CONCEPT Cited by 1 source
CPU-only media processing¶
Definition¶
CPU-only media processing is the deliberate choice to run image / video / audio processing workloads on CPU instances in the cloud, rather than on GPU instances — even when the underlying engine would run faster per-frame on a GPU. The optimisation target is fleet throughput and cost/performance, not single-instance speed.
The shape: tool supports both CPU and GPU rendering; the operator picks CPU; rendering is parallelised across many small CPU workers rather than concentrated on a few big GPU workers.

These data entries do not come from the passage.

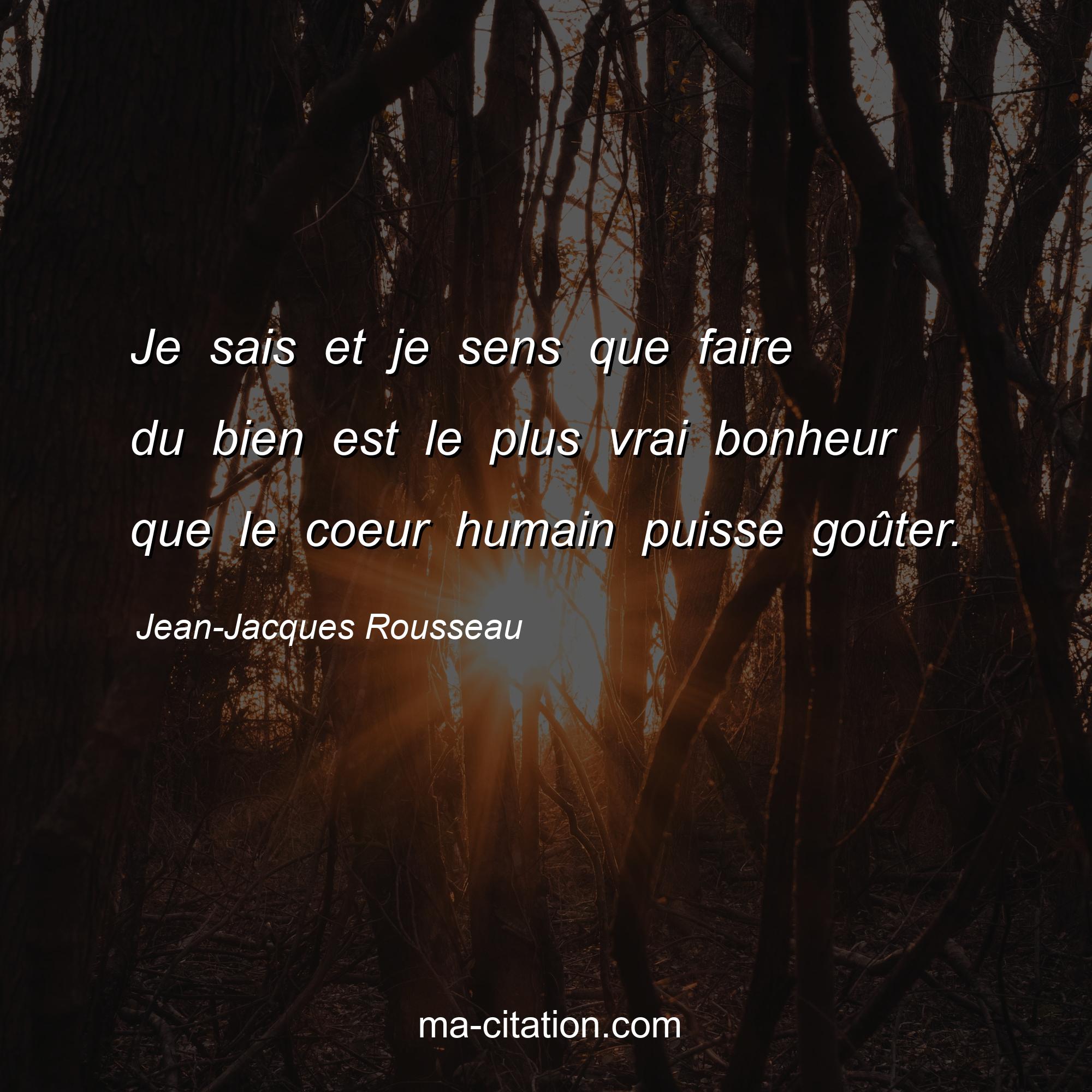 Citation sur la vie de Jean-Jacques Rousseau :Je sais et je sens que faire du bien est le plus vrai bonheur que le coeur humain puisse goûter.
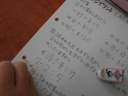 今週は「わり算」や「円と球」の問題などに取り組んでいます。なんでもそうですが,くりかえしくりかえし練習することで,しっかり身に付きます。一日10分の時間でも,一週間,一ヶ月,一年と積もれば,大きな学習量です。「継続は力なり」ですね。
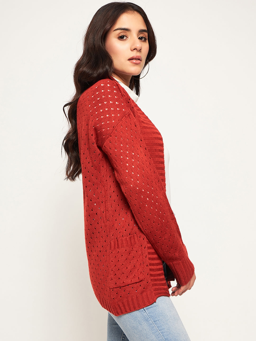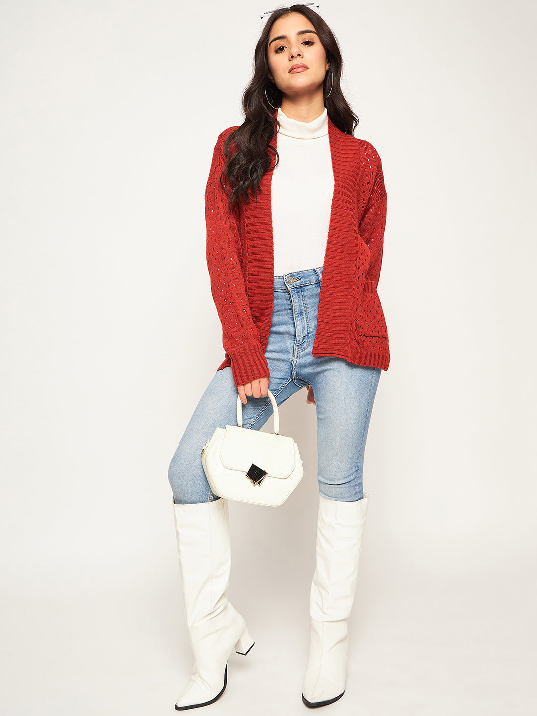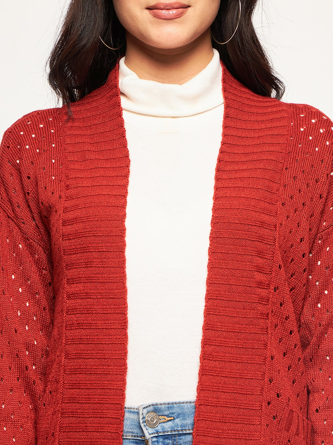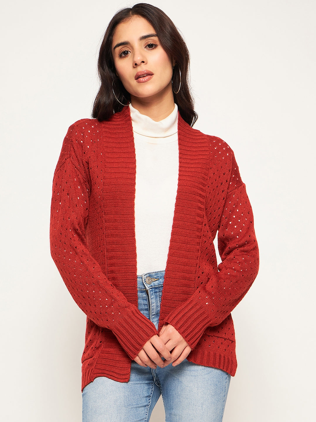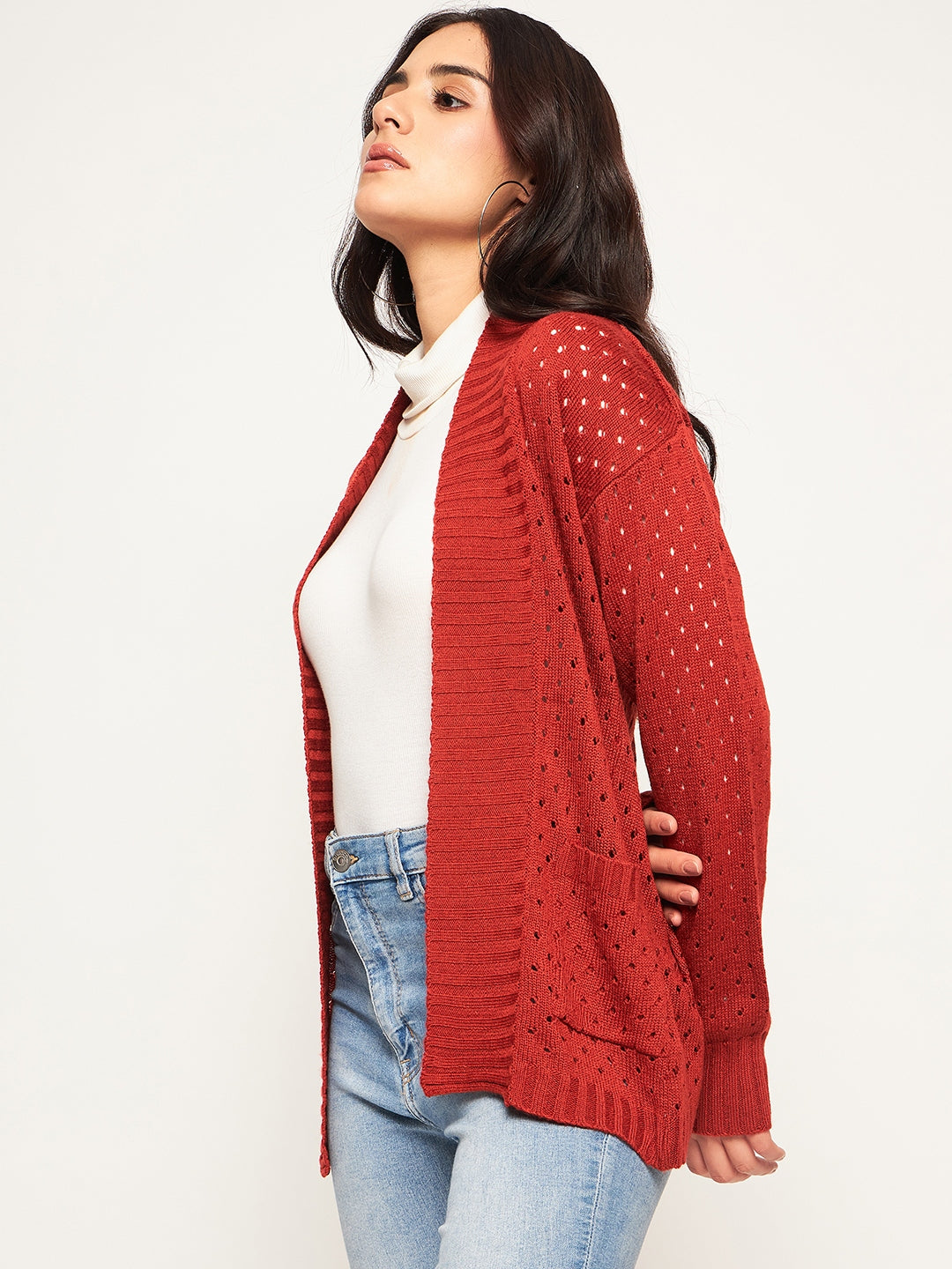 Club York Women Orange Front Open Full Sleeve Self Design Shrug 7820
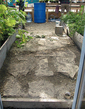 Figure 6: View at the entrance of the greenhouse. Stones from nearby were used to make a sturdy and appealing path through the center of the greenhouse. A tree stump served as a seat to be used while weeding and suckering tomatoes. Tables along the back wall held seedlings, flowers, and pitcher plants that had been retrieved during a student biology excursion. A large blue barrel was used to hold a large quantity of water for watering. (Photo taken 1 October 2011.)
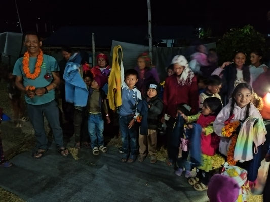 Am Abend kamen noch Kinder der Kami Kast vorbei. Wir haben Kinder Kleider verteilt.
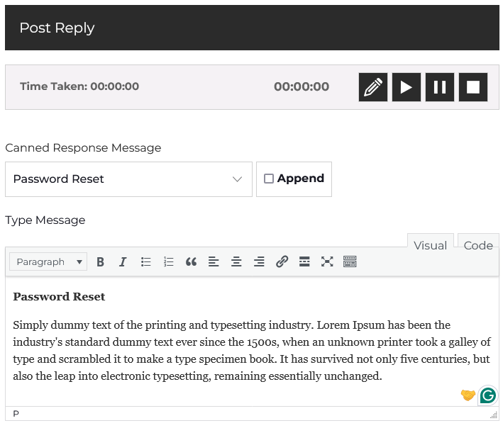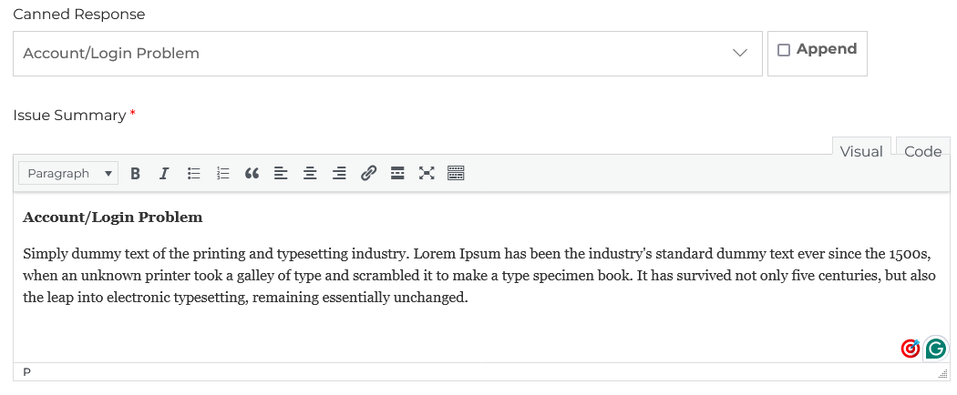 To insert pre-written replies or disclaimers. For instance, when dealing with a common issue like “Account/Login Problem”, a pre-written step-by-step solution can be appended to save time.
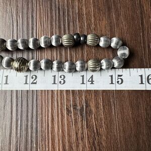 One is made of silver or gray satiny silk wrapped beads with a Magnesite cross pendant and some faux magnesite beads. These were popular in the 60s. It is 31 long
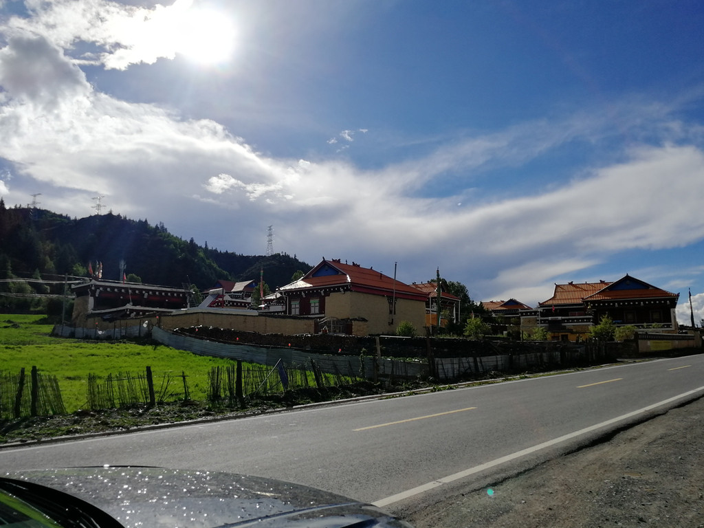 突来的阵雨又唤起了杨公子的天气意识,查了查近几天的天气,冷嘎措、理塘这几天估计都是小雨,于是开始给我吧啦吧啦了,建议今天先往道孚方向,我没意见,正着走反着走都可以,确定好行车路线,雅拉雪山看得心满意足,我们就驱车前往道孚,一路风景依然好,民居也漂亮。
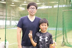 今回の教室はお母さんが見つけて応募してくれました。野球は習っていないけど、バットは家でよく振っているので、打撃練習がとても楽しかったです。将来、野球選手になるのが夢です。
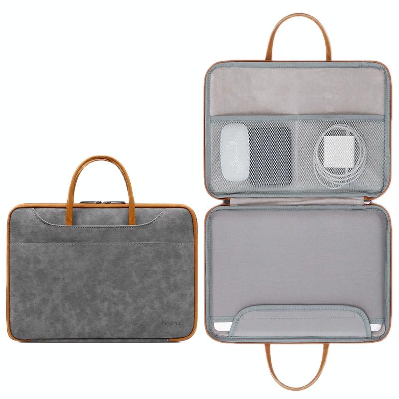 Baona Leather Fully Open Portable Waterproof Computer Bag, Size: 13/13.3 inches(Gray Brown) (Baona)

Canonical instance — Netflix MPS / FLAPI¶
Netflix's Media Production Suite runs FLAPI inside Cosmos on CPU-only instances for inspection, rendering, and trimming jobs — even though "FLAPI also supports GPU rendering." The explicit rationale (Source: sources/2026-04-24-netflix-scaling-camera-file-processing-at-netflix):
"CPU instances give us access to a much wider segment of Netflix's vast encoding compute pool and free up GPU instances for other workloads."
Two wins in one decision:
- Pool size: CPU capacity inside Netflix's AWS footprint is many-times larger than GPU capacity. CPU-only workloads can scale faster because the pool is bigger.
- Workload isolation: GPU instances are preserved for workloads that truly need them (ML training / inference), avoiding contention.
Why the traditional model went the other way¶
Traditional on-prem film-processing facilities invested in *"beefy computers with large GPUs and high-performance storage arrays to rip through debayering and encoding at breakneck speed." That model's constraint was fixed-hardware investment: once you own the GPU box, you want to saturate it.
Cloud flips the constraint: you don't own the hardware, you're paying per-instance-hour, and the cheaper-and-wider CPU pool dominates economically when the work can be parallelised across many small instances. Netflix's framing:
"Operating within these constraints lets us focus on increasing throughput via parallel encoding rather than focusing on single-instance processing power. We can then target the sweet spot of the cost/performance efficiency curve while still hitting our target turnaround times."
Enabling preconditions¶
CPU-only media processing works when:
- The tool supports CPU rendering at acceptable fidelity (FLAPI does; so do most mainstream encoders).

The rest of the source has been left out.